##### EXTRACTED RECORDS

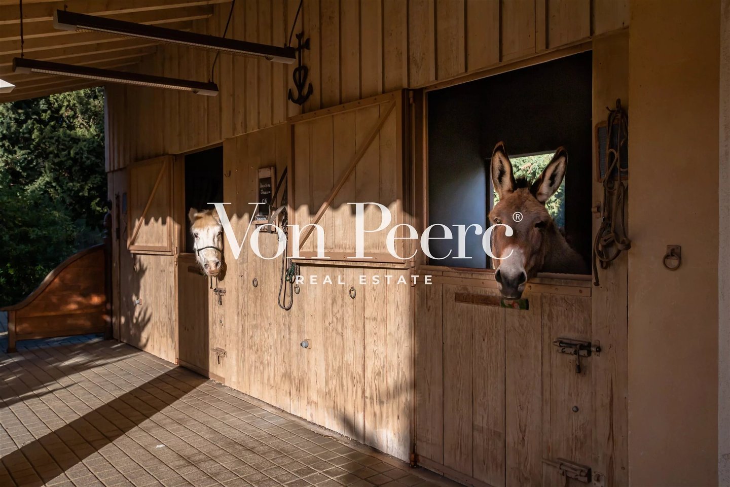 Für Reit- und Tierliebhaber verfügt das Anwesen über Stallungen und weite Weiden, die Pferde und andere vierbeinige Begleiter unter optimalen Bedingungen aufnehmen.
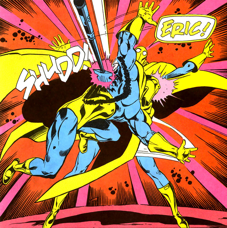 From Apokolips, Darkseid took note of the new Doctor Fate on Earth and summoned the Lords of Order and Chaos, and saying they would both gain if Fate were destroyed. (#10) Darkseid went to Earth and Eric was forced to make the painful solo transformation into Fate, but Darkseid transported Eric to Apokolips. Linda was simultaneously able to become Fate, and found him there. (#11) To save Linda's life, Eric took a spear to the chest and he died in her arms. (#12)
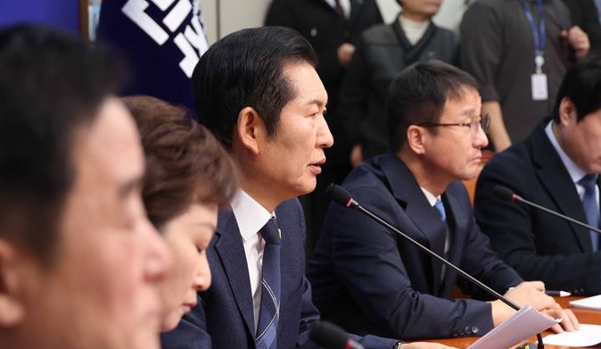 정청래 더불어민주당 대표가 12일 오전 서울 여의도 국회에서 열린 최고위원회의에서 발언을 하고 있다.
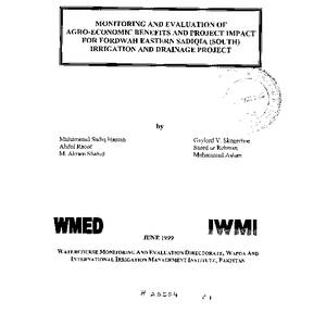 Monitoring and evaluation of agro-economic benefits and project impact for Fordwah Eastern Sadiqia (South) Irrigation and Drainage Project
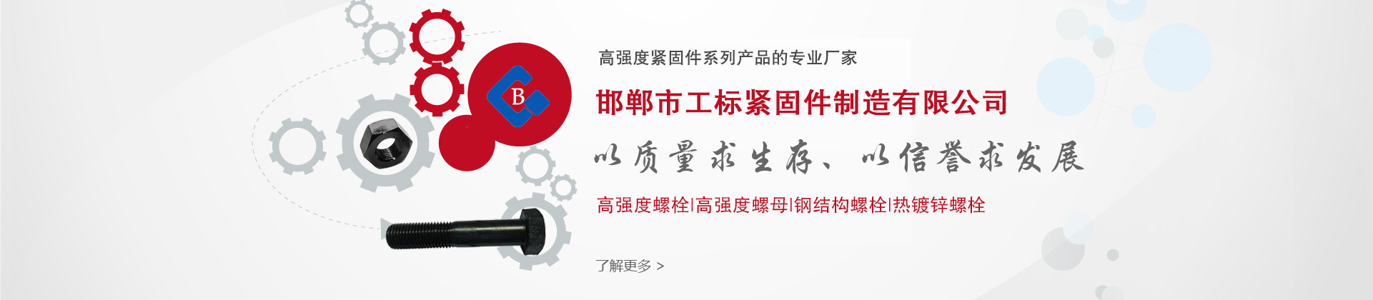 河北東少緊固件制造有限公司是一家專業生產和銷售緊固件系列產品的生產型企業,產品銷往各地并出口東南亞、歐洲、北美、非洲等國家。 東少公司現在呈集團化發展,旗下公司有:河北東少緊固件制造有限公司、永年縣東南緊固件制造有限公司和邯鄲市東浩貿易有限公司(出口)。主要產品有:高鐵系列螺栓、光伏太陽能系列螺栓及配件、鋼結構螺栓、扭剪螺栓、基建專用配套緊固件、膨脹錨固系列產品、各種熱鍍鋅標準件,并出口各種高端緊固件。...
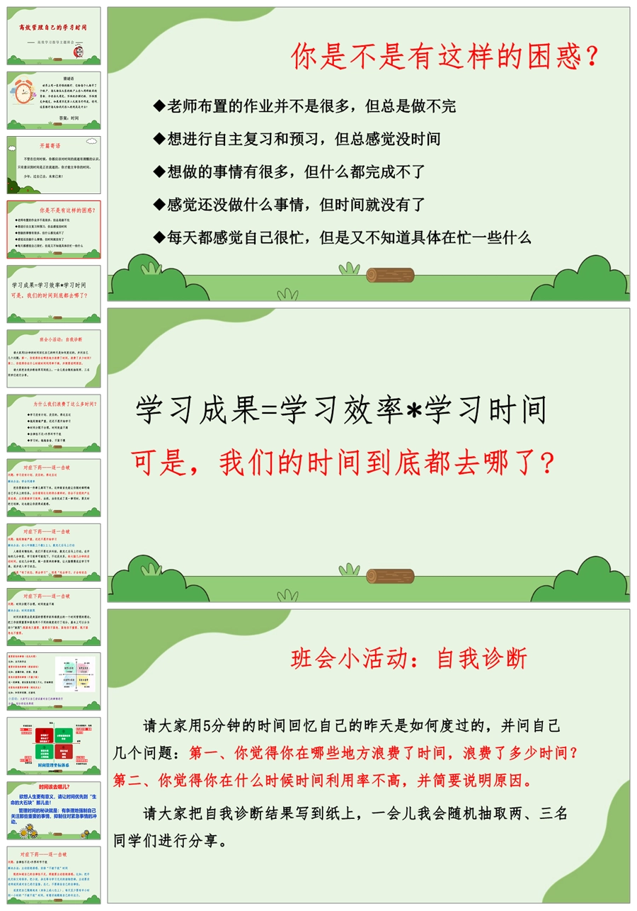 【8067】【时间管理】《高效管理自己的学习时间》管理时间高效学习主题班会PPT课件
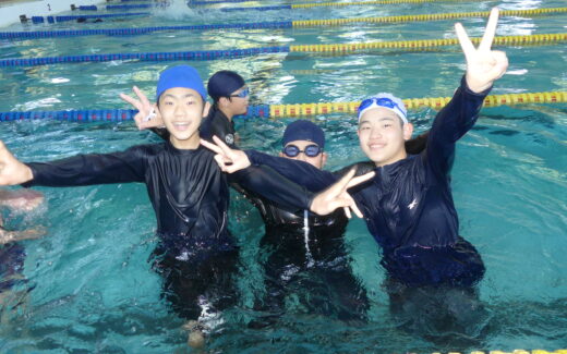 今日は、男子の水泳の授業と女子が体育大会の練習が行われました。 バスで会場まで移動し、準備をしてスタート!特に男子の水泳の授業は、楽しみにしている生徒が多かったので、行くときから多くの笑顔が見られました。 女子は体育大会
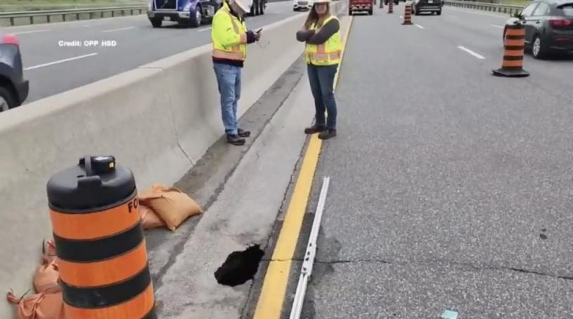 [星岛综合报道] 据安省警方(OPP)称,周二下午,一个11呎深的地洞正在400号公路沿线造成 “重大问题”。
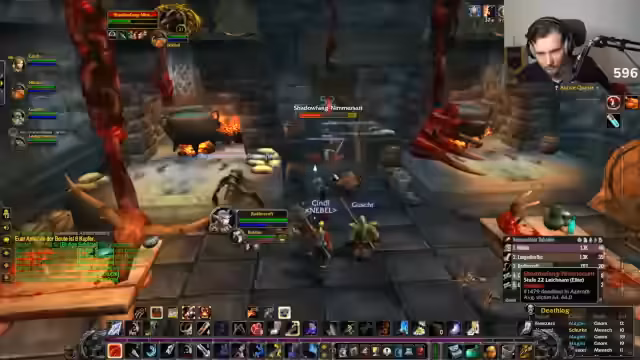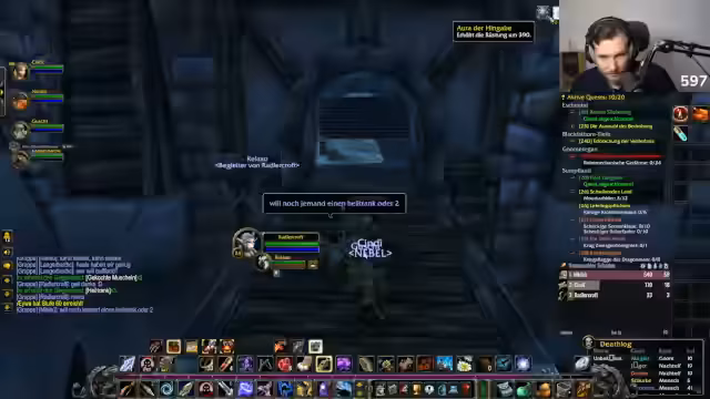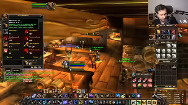 12:21:28Während der laufenden Burg-Schattenschwert-Instanz wird die Dynamik mit der Community diskutiert, inklusive Tipps zu Addons und Spielmechaniken. Der Humor kommt nicht zu kurz, etwa durch Ideen, die Reaktionen anderer Streamer zu provozieren. Gleichzeitig werden praktische Herausforderungen wie volles Inventar und Rollenverteilung im Team thematisiert.
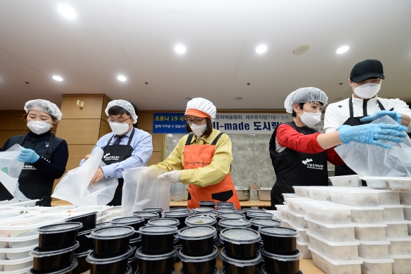 은수미 성남시장은 22일 분당구청 구내식당에서 스타셰프 7인과 함께 취약계층 어르신을 위한 ‘스타셰프 well-made 도시락’ 나눔 행사에 참여했다.영양있는 한 끼 식사 해결이 녹록지 않은 취약계층 어르신 100명에게 도시락을 나눠드리고자 성남시와 (사)나눔문화예술협회(이사장 유현숙)가 손잡고 마련한 이 날 행사에는 셰프뮤지엄718의 스타셰프 7인과 협회회원 등 15여명이 참여한 가운데 진행됐다.
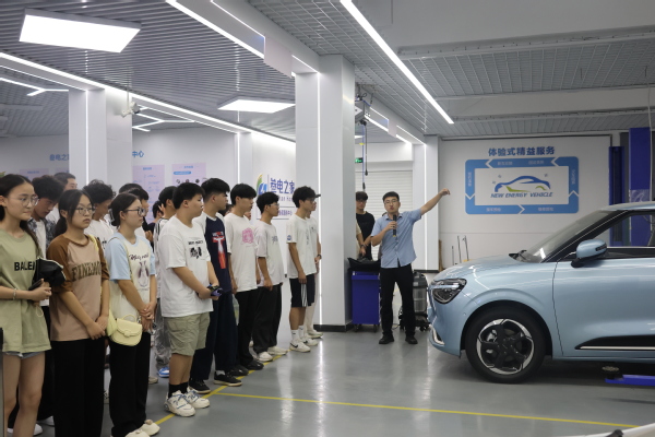 “当我踏入这里的那一刻,仿佛进入了一个充满科技感与未来气息的新世界。”“这次开放日活动,我近距离观察到了新能源汽车的电池、电机和电控系统。这些原本只在书本上见过的复杂结构,如今真实地展现在面前,让我对新能源汽车的核心技术有了更直观的认识。”现场同学激动地说。
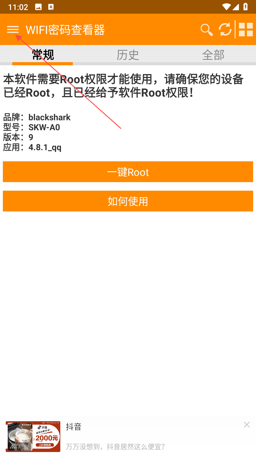 1、打開(kāi)WIFI密碼查看器軟件,點(diǎn)擊界面左上角的三條橫線菜單圖標(biāo),打開(kāi)軟件側(cè)邊菜單。
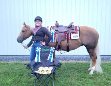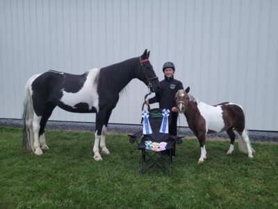 Arlene Boisvert with Iceman, 1st Saddle Seat Pleasure, 1st Saddle Seat Equitation 8-13, 3rd Open Trail Horses 8-13, and with Nugget, 5th Miniature Horse Jumping 8-13 and 6th Miniature Horse In Hand Trail 8-13.
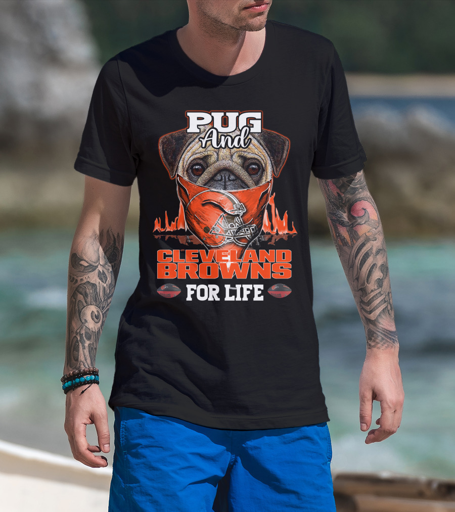 Pug And CLEVELAND BROWNS For Life T-Shirt
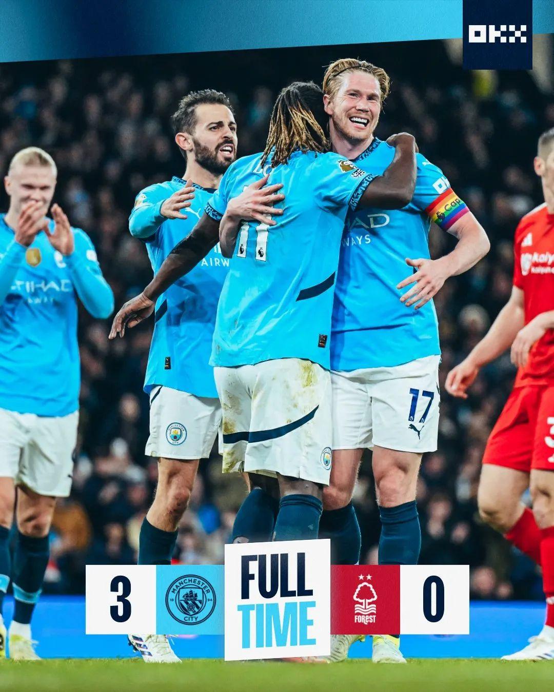 德布劳内、多库传射,B席闪击,我城3-0完胜诺丁汉森林!
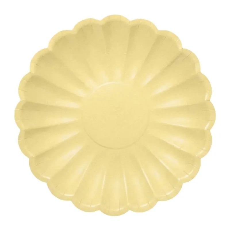 Platos de cartón desechables elegantes con forma floral en color amarillo pastel de 18cm. Estos platos elegantes de papel son ideales para decorar tu fiesta, celebración o cualquier evento y comida donde quieras destacar con originalidad. Unidad de venta en paquetes de 8 unidades.
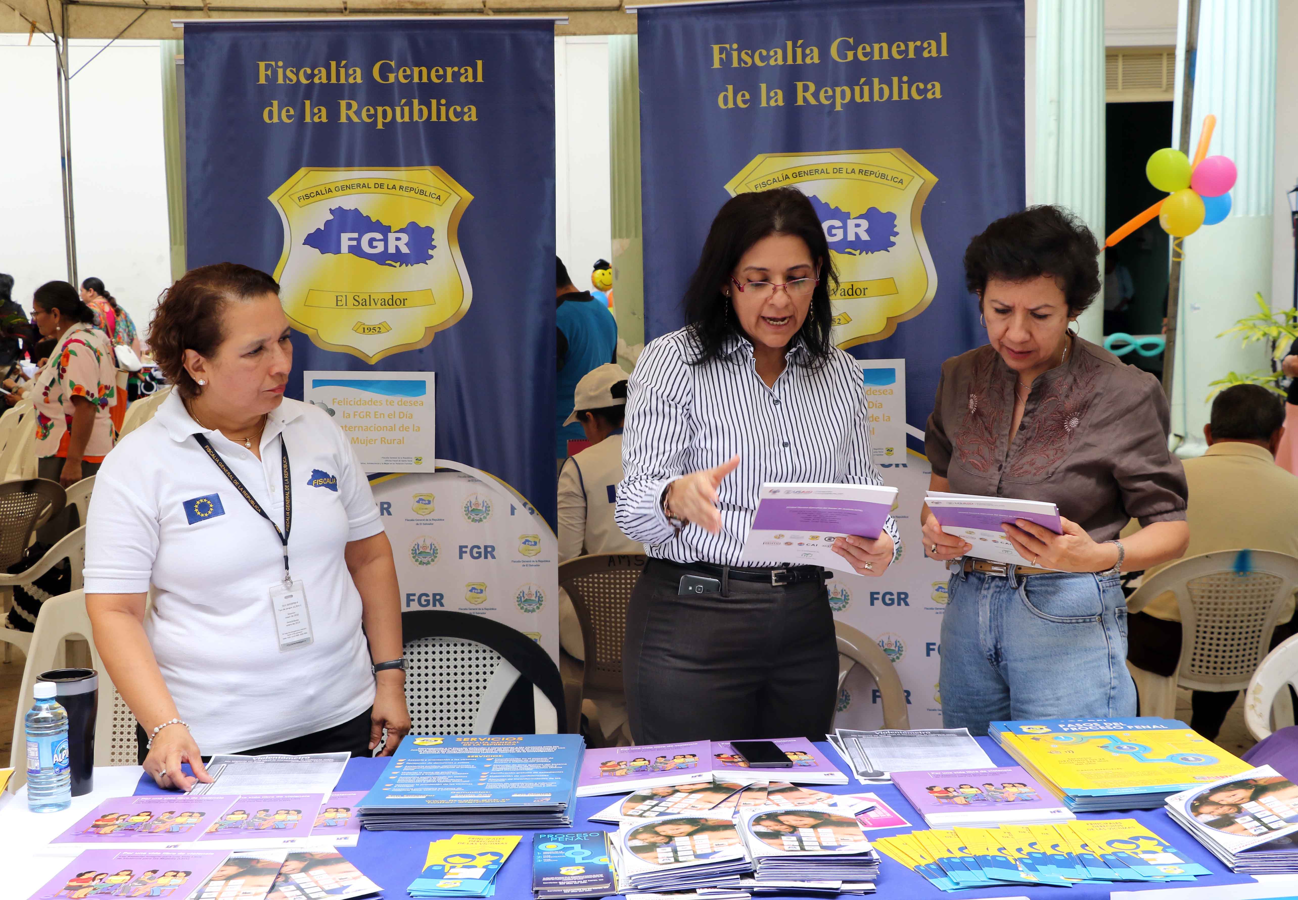 La Libertad. La Unidad Delitos Relativos a la Niñez, Adolescencia y la Mujer en su Relación Familiar de la oficina fiscal de Santa Tecla, participó esta mañana en las actividades de conmemoración del Día Internacional de la Mujer Rural, donde personal fiscal entregó material de orientación, Leyes y documentos relacionados a los derechos de la mujer.

##########

- _WHAT THE TASK REQUIRES_:
Your task is to set down every entry exactly, leaving out any picture it contains.

- _REPLY TO THE EXERCISE_:
 Für Reit- und Tierliebhaber verfügt das Anwesen über Stallungen und weite Weiden, die Pferde und andere vierbeinige Begleiter unter optimalen Bedingungen aufnehmen.
 From Apokolips, Darkseid took note of the new Doctor Fate on Earth and summoned the Lords of Order and Chaos, and saying they would both gain if Fate were destroyed. (#10) Darkseid went to Earth and Eric was forced to make the painful solo transformation into Fate, but Darkseid transported Eric to Apokolips. Linda was simultaneously able to become Fate, and found him there. (#11) To save Linda's life, Eric took a spear to the chest and he died in her arms. (#12)
 정청래 더불어민주당 대표가 12일 오전 서울 여의도 국회에서 열린 최고위원회의에서 발언을 하고 있다.
 Monitoring and evaluation of agro-economic benefits and project impact for Fordwah Eastern Sadiqia (South) Irrigation and Drainage Project
 河北東少緊固件制造有限公司是一家專業生產和銷售緊固件系列產品的生產型企業,產品銷往各地并出口東南亞、歐洲、北美、非洲等國家。 東少公司現在呈集團化發展,旗下公司有:河北東少緊固件制造有限公司、永年縣東南緊固件制造有限公司和邯鄲市東浩貿易有限公司(出口)。主要產品有:高鐵系列螺栓、光伏太陽能系列螺栓及配件、鋼結構螺栓、扭剪螺栓、基建專用配套緊固件、膨脹錨固系列產品、各種熱鍍鋅標準件,并出口各種高端緊固件。...
 【8067】【时间管理】《高效管理自己的学习时间》管理时间高效学习主题班会PPT课件
 今日は、男子の水泳の授業と女子が体育大会の練習が行われました。 バスで会場まで移動し、準備をしてスタート!特に男子の水泳の授業は、楽しみにしている生徒が多かったので、行くときから多くの笑顔が見られました。 女子は体育大会
 [星岛综合报道] 据安省警方(OPP)称,周二下午,一个11呎深的地洞正在400号公路沿线造成 “重大问题”。
 12:21:28Während der laufenden Burg-Schattenschwert-Instanz wird die Dynamik mit der Community diskutiert, inklusive Tipps zu Addons und Spielmechaniken. Der Humor kommt nicht zu kurz, etwa durch Ideen, die Reaktionen anderer Streamer zu provozieren. Gleichzeitig werden praktische Herausforderungen wie volles Inventar und Rollenverteilung im Team thematisiert.
 은수미 성남시장은 22일 분당구청 구내식당에서 스타셰프 7인과 함께 취약계층 어르신을 위한 ‘스타셰프 well-made 도시락’ 나눔 행사에 참여했다.영양있는 한 끼 식사 해결이 녹록지 않은 취약계층 어르신 100명에게 도시락을 나눠드리고자 성남시와 (사)나눔문화예술협회(이사장 유현숙)가 손잡고 마련한 이 날 행사에는 셰프뮤지엄718의 스타셰프 7인과 협회회원 등 15여명이 참여한 가운데 진행됐다.
 “当我踏入这里的那一刻,仿佛进入了一个充满科技感与未来气息的新世界。”“这次开放日活动,我近距离观察到了新能源汽车的电池、电机和电控系统。这些原本只在书本上见过的复杂结构,如今真实地展现在面前,让我对新能源汽车的核心技术有了更直观的认识。”现场同学激动地说。
 1、打開(kāi)WIFI密碼查看器軟件,點(diǎn)擊界面左上角的三條橫線菜單圖標(biāo),打開(kāi)軟件側(cè)邊菜單。
 Arlene Boisvert with Iceman, 1st Saddle Seat Pleasure, 1st Saddle Seat Equitation 8-13, 3rd Open Trail Horses 8-13, and with Nugget, 5th Miniature Horse Jumping 8-13 and 6th Miniature Horse In Hand Trail 8-13.
 Pug And CLEVELAND BROWNS For Life T-Shirt
 德布劳内、多库传射,B席闪击,我城3-0完胜诺丁汉森林!
 Platos de cartón desechables elegantes con forma floral en color amarillo pastel de 18cm. Estos platos elegantes de papel son ideales para decorar tu fiesta, celebración o cualquier evento y comida donde quieras destacar con originalidad. Unidad de venta en paquetes de 8 unidades.
 La Libertad. La Unidad Delitos Relativos a la Niñez, Adolescencia y la Mujer en su Relación Familiar de la oficina fiscal de Santa Tecla, participó esta mañana en las actividades de conmemoración del Día Internacional de la Mujer Rural, donde personal fiscal entregó material de orientación, Leyes y documentos relacionados a los derechos de la mujer.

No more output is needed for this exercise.